Multivariate statistics applied in this study allow us to define the main pollution sources, but it is also important to use a tool that allows one to assess the spatial distribution of pollutants. HM concentrations can be better visualized with a geographic information system (GIS) [22,45]. The use of Moran I and Getis-Ord methods allows us to determine the spatial pattern of HM contents in river sediments. The results thus obtained allow identification of potential points as well as area (regional) sources of pollution. Similar results were obtained using the CA method in combination with spatial presentation of clustering results in a GIS environment. The methodology applied in this study can also be applicable in other climatic zones and types of waters. The main limitation of the analysis may be the interpretation of the PCA and PMF results. In particular, the assignment of specific sources of pollution to the distinguished factors requires more extensive expert knowledge, considering the main pollution sources. Moreover, considering that nowadays in each catchment there is generally an interaction of many different pollution sources, which is modified by the fluvial processes, for certain rivers (more polluted), a detailed analysis is necessary as regards the location of point sources of pollution, specificity of pollution discharged to waters, fertilizer consumption and other factors. Moreover, as shown in this study, there is no clear relationship between the main land-use types and the HM concentrations. Future studies should address more detailed land-use types and analyze their pattern within the catchment, river floodplain valley or even on the river shoreline.

The results obtained in this study confirm previous studies that HMs may pose ecological and human health risk [110,111,112]. The main exposure pathways from surface water to humans are water ingestion, water used to agricultural irrigation and direct contact with water during recreation activities [113]. According to Hoang et al. [113], HMs adverse effects on human health include cancer, anemia and diabetes. It is important to use novel techniques to analyze changes in HMs pollution, sources and spatial distribution to protect the environment and human health.

5. Conclusions

The findings obtained from the analyses made it possible to formulate the following specific conclusions:

The pattern of HM concentrations in the sediments of 2/3rd of the rivers refers to the concentration pattern resulting from the geochemical background. The contamination of sediments of 1/3rd of the rivers shows a change in the natural pattern of HM concentrations and their higher values above the geochemical background values.

The values of geochemical indices EF, PLI and MPI indicate sediment pollution in 1/3rd of the analyzed rivers. The identified points with higher HM concentrations were dispersed over the whole area of Poland.

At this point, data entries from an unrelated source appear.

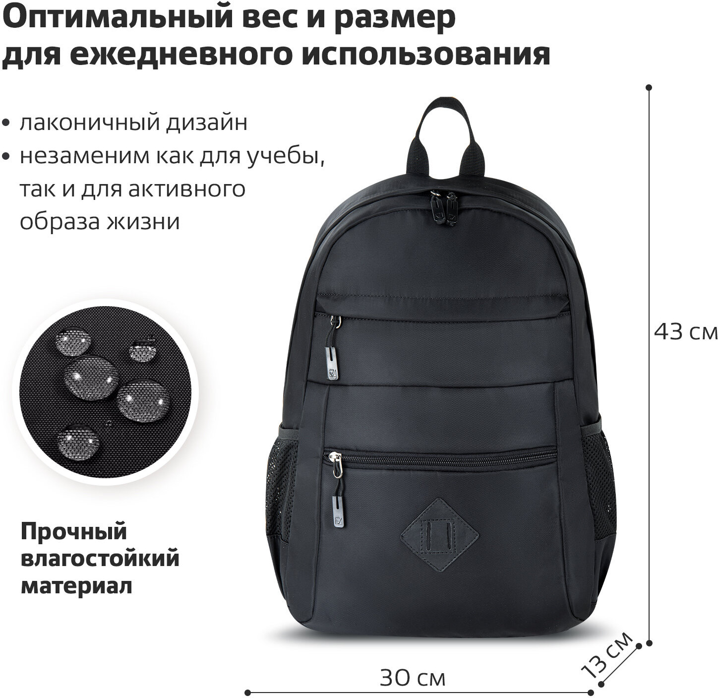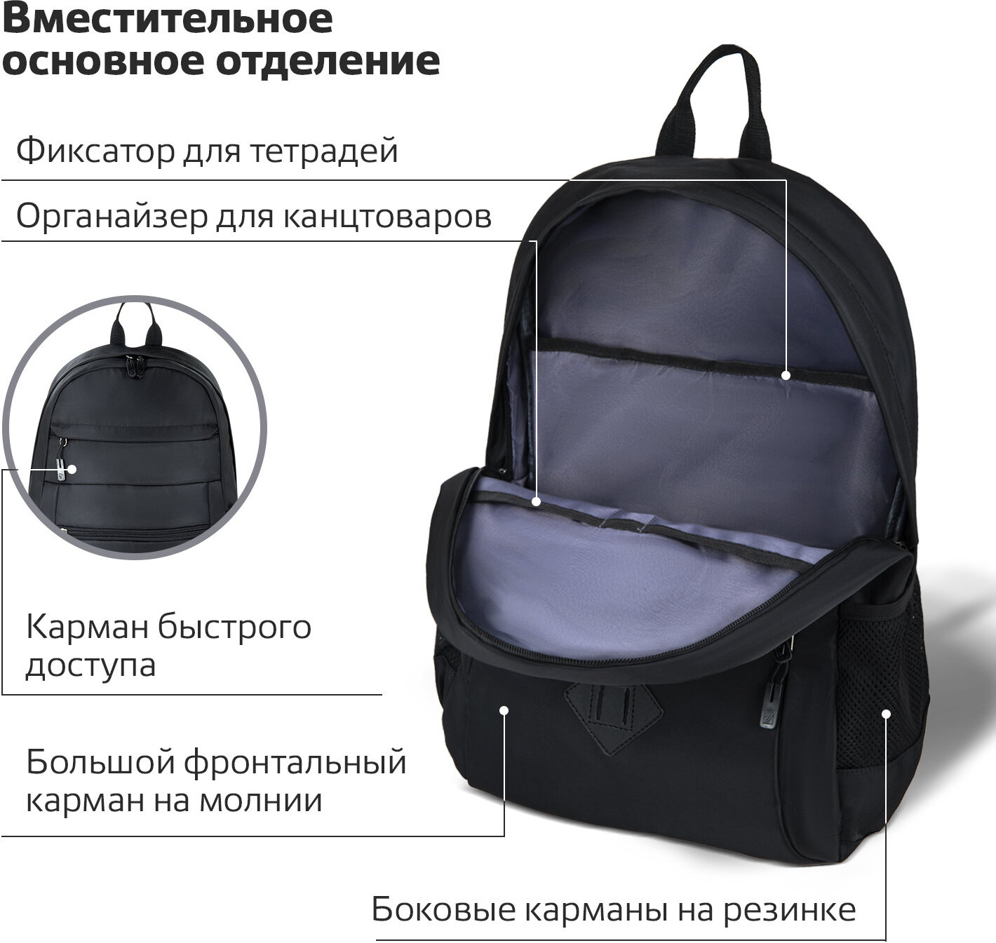 Это невероятно удобная, легкая, функциональная и эргономичная модель для учебы, отдыха и активного времяпровождения. Множество карманов и вместительное основное отделение позволят упорядоченно разложить большое количество вещей различных размеров, в зависимости от целей использования рюкзака. Учебные пособия, канцтовары, папки формата А4, крупногабаритные предметы, например, одежда, вещи первой необходимости, такие как салфетки, платочки, бутылочка с водой, ключи, кошелек, документы и другие важные мелочи можно с легкостью разметить в рюкзаке.
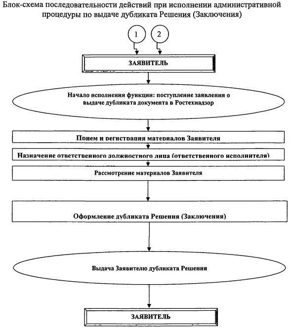 Приложение 11Описание последовательности и состава административных действий Ростехнадзора при осуществлении административной процедуры по выдаче Решения1. Последовательность административных действий Административная процедура по выдаче Решений включает административные действия в следующей последовательности: - прием и регистрация материалов Заявителя; - назначение ответственного должностного лица; - рассмотрение материалов Заявителя; - принятие решения о выдаче Решения либо о мотивированном отказе в выдаче этого документа; - оформление Решения; - выдача заявителю Решения - внесение информации выдаче документа в соответствующий информационный ресурс (журнал, банк данных). 2. Состав административных действий
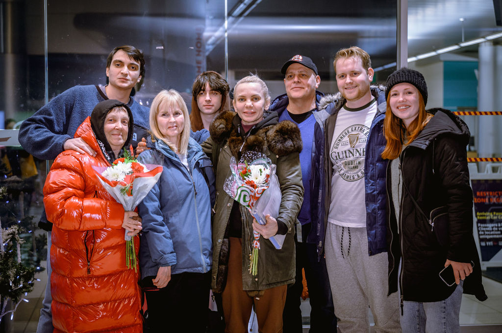 Alper Hos (back left in blue sweater) who arrived on the May 9, 2022 airlift is reunited with his mother Nataliya Hos (centre in brown jacket with fur), his grandmother Oleksandra Bila (left in orange jacket) and his brother Timur Hos (fourth from left in hoodie). They are joined by a local family that has supported Alper since he arrived in Newfoundland and Labrador.

Only single rivers in Poland were detected where HMs may have toxic effects on aquatic biota.

Visualization of cluster analysis results on the background of Poland indicates a lack of non-point sources of pollution resulting, e.g., from areas of very intensive agriculture and industrial activity and low development of water and sewage systems.

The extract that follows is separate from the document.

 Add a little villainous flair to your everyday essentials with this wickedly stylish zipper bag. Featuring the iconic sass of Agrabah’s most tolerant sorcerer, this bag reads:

Spatial autocorrelation analysis of HM concentrations in river sediments using the Moran I method indicates a random and dispersed pattern. This indicates the presence of local point sources of pollution that overlap with the delivery of HMs from natural sources.

Analysis using the Getis-Ord test indicated the presence of hotspots of Cd, Ni and Pb. These locations require a detailed source analysis first.

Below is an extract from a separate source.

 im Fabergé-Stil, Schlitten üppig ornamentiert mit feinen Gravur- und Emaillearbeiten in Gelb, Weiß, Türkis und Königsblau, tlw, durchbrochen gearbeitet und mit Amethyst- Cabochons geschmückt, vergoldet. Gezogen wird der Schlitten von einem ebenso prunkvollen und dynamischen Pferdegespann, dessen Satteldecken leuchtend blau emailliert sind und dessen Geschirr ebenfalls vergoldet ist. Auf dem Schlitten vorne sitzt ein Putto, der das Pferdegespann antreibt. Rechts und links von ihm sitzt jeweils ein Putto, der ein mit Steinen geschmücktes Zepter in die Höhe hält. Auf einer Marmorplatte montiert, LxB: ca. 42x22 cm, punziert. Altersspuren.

The PCA analysis identified two sources of HM delivery to the aquatic environment. The main pool of Cr, Cu, Ni, Pb and Zn reaches waters from point and surface sources, while Cd concentrations have dominant origins from natural and point sources.

The PMF analysis has quantitatively identified three sources of pollution. Among them, urban pollution is mainly responsible for Cu delivery, agricultural pollution for Zn delivery and industrial pollution for Ni and Cr delivery.

The analysis showed no relationship between catchment land-use patterns and HM contents in river sediments.